Col suo becco striato di cremisi.

Stridette una sola volta su Sietch Tabr

E tu andasti alle Piane dei Morti.

 

– Lamento per Leto II

 

 

Leto si risvegliò al tintinnio degli anelli d’acqua intrecciati in una chioma di donna. Guardò verso l’arco che si apriva dal corridoio e sterno sulla sua cella, e vide, lì seduta, Sabiha. Immerso nella semincoscienza della spezia, ne confrontò il profilo con tutto quello che la visione gli aveva rivelato di lei. Sabiha aveva superato di due anni l’età in cui la maggior parte delle ragazze Fremen si sposavano, o quanto meno si fidanzavano. Perciò la sua famiglia la stava serbando per qualcosa… o qualcuno. Era vergine… ovviamente. Gli occhi di Leto, ancora velati dalla visione, la videro come una creatura uscita dal più remoto passato dell’umanità, sulla Terra: capelli scuri e pelle chiara, orbite profonde che davano ai suoi occhi azzurri nell’azzurro una sfumatura verdastra. Sabiha aveva un naso piccolo e una bocca ampia sopra un mento appuntito. Ed era per lui l’indizio più evidente che il piano del Bene Gesserit era conosciuto – o quanto meno sospettato – lì a Jacurutu. Così, speravano di far rivivere attraverso lui l’imperialismo faraonico, vero? Allora, che cos’era quell’altro loro piano, di costringerlo a sposare sua sorella? Sabiha non avrebbe certo potuto impedirlo.

I suoi catturatori conoscevano il piano, tuttavia. E come avevano fatto a scoprirlo? Essi non condividevano la sua visione. Essi non erano stati con lui là dove la vita diventava qualcosa d’impalpabile proiettato in altre dimensioni. L’interiore, ripetitiva soggettività delle visioni che mostravano che Sabiha era sua, soltanto sua.

Ancora una volta gli anelli d’acqua tintinnarono fra i capelli di Sabiha, e il suono lo ridestò dalle sue visioni. Leto sapeva dov’era stato e ciò che aveva appreso. Niente avrebbe potuto cancellarlo. Ma ora lui non stava cavalcando sulla sella di un Grande Creatore, con gli anelli d’acqua dei passeggeri che tintinnavano, ritmando il lungo viaggio. No… lui era lì, in quella cella a Jacurutu, impegnato in un altro viaggio, il più pericoloso fra tutti: era partito e ritornato all’Ahll as-sunna wal-jamas, partito dal mondo reale dei sensi e ritornato a quel mondo.

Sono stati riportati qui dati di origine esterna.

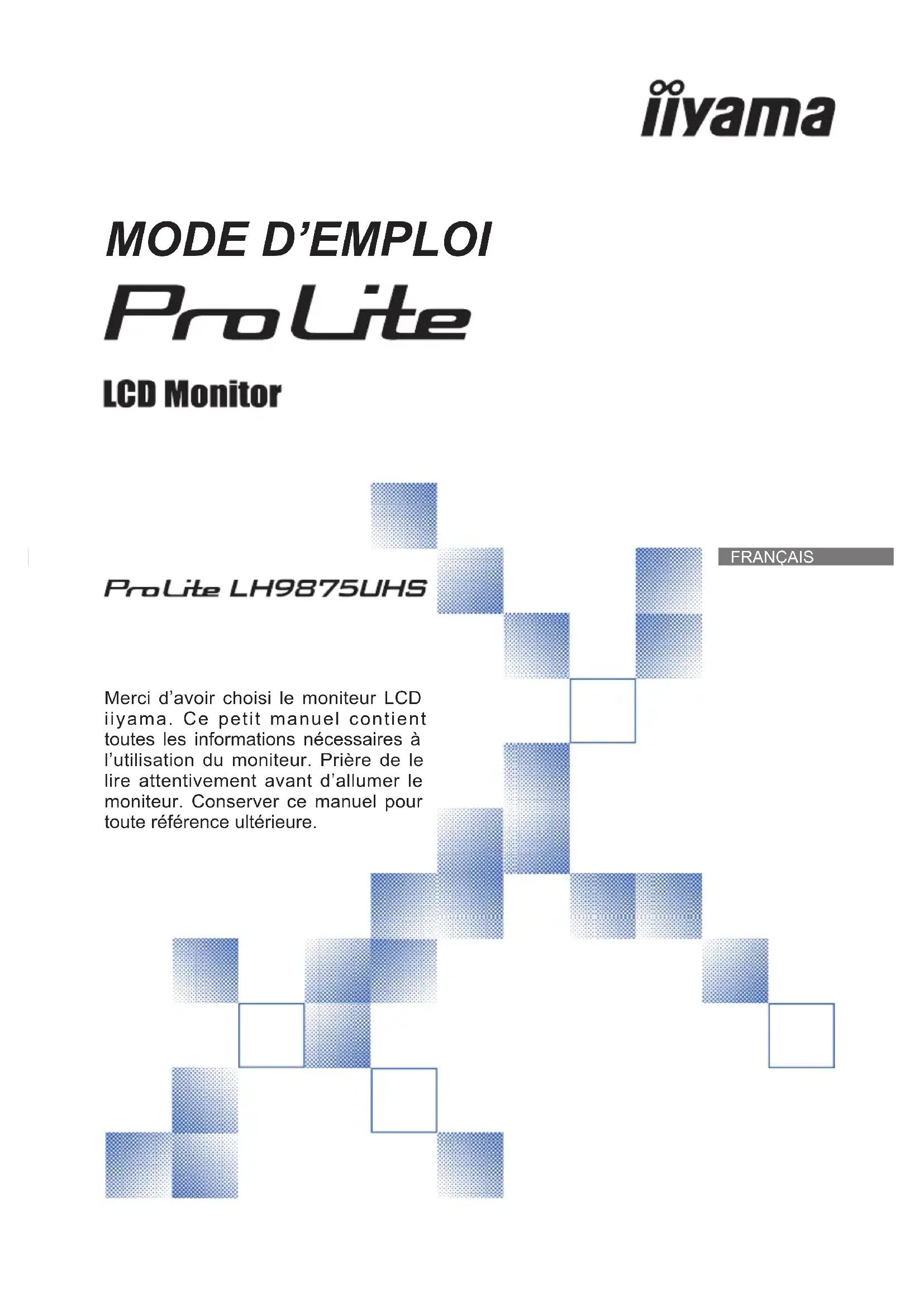 Merci d’avoir choisi le moniteur LCD iiyama. Ce petit manuel contient toutes les informations nécessaires à l’utilisation du moniteur. Prière de le lire attentivement avant d’allumer le moniteur. Conserver ce manuel pour toute référence ultérieure.FRANÇAIS

Che cosa stava facendo, lei, in quel luogo, con gli anelli d’acqua che le tintinnavano fra i capelli? Oh, sì: stava preparando ancora un po’ di quella mistura che, essi pensavano, l’avrebbe tenuto prigioniero. Cibo condito con essenza di spezia per tenerlo mezzo dentro e mezzo fuori dall’universo reale, fino a quando non fosse morto, o il piano di sua nonna non avesse avuto successo. Ma ogni volta che lui credeva di aver vinto, essi lo rimandavano indietro. Lady Jessica aveva ragione, naturalmente… quella vecchia strega! Ma com’era possibile fare ciò che lei voleva? Il ricordo totale di tutte quelle vite dentro di lui non sarebbe stato di nessuna utilità, fino a quando egli non fosse riuscito a organizzare i dati e a ricordarli a volontà. E quelle vite, ad ogni istante, avrebbero potuto precipitarlo nell’anarchia. Una, oppure tutte, avrebbero potuto sopraffarlo. La spezia e Jacurutu, così letteralmente intrisa di essa, erano stati un azzardo disperato.

Gurney è sempre in attesa del segno, e io mi rifiuto di darlo. Quanto durerà la sua pazienza?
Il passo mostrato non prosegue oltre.